[Supplied information]
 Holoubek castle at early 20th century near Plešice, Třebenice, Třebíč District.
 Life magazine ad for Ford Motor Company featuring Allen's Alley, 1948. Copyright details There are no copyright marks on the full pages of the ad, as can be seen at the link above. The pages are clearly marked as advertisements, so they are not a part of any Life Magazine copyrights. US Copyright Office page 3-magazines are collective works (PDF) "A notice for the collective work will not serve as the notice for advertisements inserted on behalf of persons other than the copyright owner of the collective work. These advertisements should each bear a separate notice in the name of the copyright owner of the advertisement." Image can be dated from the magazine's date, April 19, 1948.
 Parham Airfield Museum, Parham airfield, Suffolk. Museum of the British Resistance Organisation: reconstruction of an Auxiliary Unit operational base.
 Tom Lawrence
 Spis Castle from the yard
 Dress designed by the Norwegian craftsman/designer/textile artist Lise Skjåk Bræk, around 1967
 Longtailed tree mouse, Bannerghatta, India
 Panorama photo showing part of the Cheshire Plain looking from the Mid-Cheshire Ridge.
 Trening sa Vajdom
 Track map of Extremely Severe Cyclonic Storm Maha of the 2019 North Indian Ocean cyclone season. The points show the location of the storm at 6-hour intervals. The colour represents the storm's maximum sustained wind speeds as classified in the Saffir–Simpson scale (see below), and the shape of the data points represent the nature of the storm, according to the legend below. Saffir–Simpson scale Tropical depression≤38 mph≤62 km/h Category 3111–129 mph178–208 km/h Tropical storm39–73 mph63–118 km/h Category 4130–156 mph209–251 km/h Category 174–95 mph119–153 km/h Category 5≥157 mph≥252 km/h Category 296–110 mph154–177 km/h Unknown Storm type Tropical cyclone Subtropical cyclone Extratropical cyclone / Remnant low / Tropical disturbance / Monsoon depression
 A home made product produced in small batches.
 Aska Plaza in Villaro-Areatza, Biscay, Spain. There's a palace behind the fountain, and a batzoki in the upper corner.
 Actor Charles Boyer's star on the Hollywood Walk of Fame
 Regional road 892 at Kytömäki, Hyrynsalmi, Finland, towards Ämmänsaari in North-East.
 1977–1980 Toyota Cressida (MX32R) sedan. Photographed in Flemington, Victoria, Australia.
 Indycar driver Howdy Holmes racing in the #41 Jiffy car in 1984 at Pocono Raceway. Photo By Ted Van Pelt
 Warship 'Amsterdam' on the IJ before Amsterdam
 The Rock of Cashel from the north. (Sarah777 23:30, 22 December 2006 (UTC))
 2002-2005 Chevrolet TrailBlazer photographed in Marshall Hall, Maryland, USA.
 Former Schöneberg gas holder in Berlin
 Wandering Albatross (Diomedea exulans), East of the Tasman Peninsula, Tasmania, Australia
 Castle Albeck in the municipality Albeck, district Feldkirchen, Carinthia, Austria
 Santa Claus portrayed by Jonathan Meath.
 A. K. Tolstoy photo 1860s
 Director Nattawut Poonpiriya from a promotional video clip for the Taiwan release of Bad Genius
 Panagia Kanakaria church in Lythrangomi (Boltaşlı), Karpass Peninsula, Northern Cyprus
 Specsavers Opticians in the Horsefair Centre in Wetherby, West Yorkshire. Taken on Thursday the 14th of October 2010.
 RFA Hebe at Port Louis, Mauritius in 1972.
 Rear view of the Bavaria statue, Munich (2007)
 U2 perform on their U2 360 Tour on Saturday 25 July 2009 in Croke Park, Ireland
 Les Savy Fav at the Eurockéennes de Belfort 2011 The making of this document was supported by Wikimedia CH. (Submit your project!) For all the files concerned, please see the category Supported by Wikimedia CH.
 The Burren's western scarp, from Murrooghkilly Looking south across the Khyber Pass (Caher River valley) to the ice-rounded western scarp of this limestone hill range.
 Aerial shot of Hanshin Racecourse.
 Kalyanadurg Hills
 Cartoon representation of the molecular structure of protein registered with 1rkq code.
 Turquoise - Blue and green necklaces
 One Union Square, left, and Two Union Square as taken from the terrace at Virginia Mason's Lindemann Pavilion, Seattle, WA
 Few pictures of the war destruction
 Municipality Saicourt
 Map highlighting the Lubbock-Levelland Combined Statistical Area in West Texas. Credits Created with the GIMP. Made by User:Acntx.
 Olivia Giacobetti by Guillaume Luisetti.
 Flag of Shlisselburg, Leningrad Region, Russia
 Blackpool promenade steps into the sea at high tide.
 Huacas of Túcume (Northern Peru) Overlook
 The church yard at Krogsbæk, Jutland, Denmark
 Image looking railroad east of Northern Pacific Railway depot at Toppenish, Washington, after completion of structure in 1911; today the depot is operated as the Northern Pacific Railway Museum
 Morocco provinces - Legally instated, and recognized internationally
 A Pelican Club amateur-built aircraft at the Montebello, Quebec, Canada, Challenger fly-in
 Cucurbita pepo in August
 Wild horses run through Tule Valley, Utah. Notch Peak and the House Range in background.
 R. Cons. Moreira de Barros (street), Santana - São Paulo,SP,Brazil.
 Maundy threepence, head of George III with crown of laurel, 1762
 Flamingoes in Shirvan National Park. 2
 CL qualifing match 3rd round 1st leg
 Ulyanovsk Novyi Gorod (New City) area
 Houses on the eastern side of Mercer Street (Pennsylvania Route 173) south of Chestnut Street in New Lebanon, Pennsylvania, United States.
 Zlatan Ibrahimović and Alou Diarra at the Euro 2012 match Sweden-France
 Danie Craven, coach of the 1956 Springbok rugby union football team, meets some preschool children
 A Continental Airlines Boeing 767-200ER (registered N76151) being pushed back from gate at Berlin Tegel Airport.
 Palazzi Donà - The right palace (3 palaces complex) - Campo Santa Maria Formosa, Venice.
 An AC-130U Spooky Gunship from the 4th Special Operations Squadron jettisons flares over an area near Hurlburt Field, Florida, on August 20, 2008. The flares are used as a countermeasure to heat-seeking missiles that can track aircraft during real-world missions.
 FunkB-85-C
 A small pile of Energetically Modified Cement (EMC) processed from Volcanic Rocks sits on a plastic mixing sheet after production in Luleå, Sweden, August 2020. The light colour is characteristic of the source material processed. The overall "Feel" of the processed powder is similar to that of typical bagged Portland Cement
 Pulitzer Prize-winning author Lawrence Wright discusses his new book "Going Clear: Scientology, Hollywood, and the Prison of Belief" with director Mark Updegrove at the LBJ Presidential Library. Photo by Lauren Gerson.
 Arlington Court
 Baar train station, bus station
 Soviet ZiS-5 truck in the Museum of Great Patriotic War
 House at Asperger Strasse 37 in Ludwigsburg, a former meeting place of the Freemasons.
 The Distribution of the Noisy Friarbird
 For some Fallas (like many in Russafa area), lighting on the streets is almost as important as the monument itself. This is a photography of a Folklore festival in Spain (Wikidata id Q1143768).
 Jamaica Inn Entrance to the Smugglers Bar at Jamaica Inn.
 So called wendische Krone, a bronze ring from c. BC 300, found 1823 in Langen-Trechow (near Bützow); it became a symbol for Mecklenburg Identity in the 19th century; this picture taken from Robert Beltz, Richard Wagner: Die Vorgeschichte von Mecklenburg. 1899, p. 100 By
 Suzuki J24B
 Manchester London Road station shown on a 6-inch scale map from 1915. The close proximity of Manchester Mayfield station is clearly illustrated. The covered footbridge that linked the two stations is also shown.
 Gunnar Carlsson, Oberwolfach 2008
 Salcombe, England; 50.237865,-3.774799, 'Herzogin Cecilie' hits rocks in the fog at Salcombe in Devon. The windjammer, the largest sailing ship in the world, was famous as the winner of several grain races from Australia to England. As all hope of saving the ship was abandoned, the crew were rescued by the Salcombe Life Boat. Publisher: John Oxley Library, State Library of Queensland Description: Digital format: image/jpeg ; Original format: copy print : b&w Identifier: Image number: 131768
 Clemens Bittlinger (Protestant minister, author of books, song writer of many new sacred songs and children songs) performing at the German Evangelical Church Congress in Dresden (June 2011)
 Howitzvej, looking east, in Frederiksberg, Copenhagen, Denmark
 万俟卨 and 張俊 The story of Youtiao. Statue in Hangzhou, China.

[What you need to do] For this exercise, please output exactly the lines above starting at the line with "Panorama photo showing" and ending at the line with "Trening sa Vajdom", ends included.

[Solution to this exercise]
 Panorama photo showing part of the Cheshire Plain looking from the Mid-Cheshire Ridge.
 Trening sa Vajdom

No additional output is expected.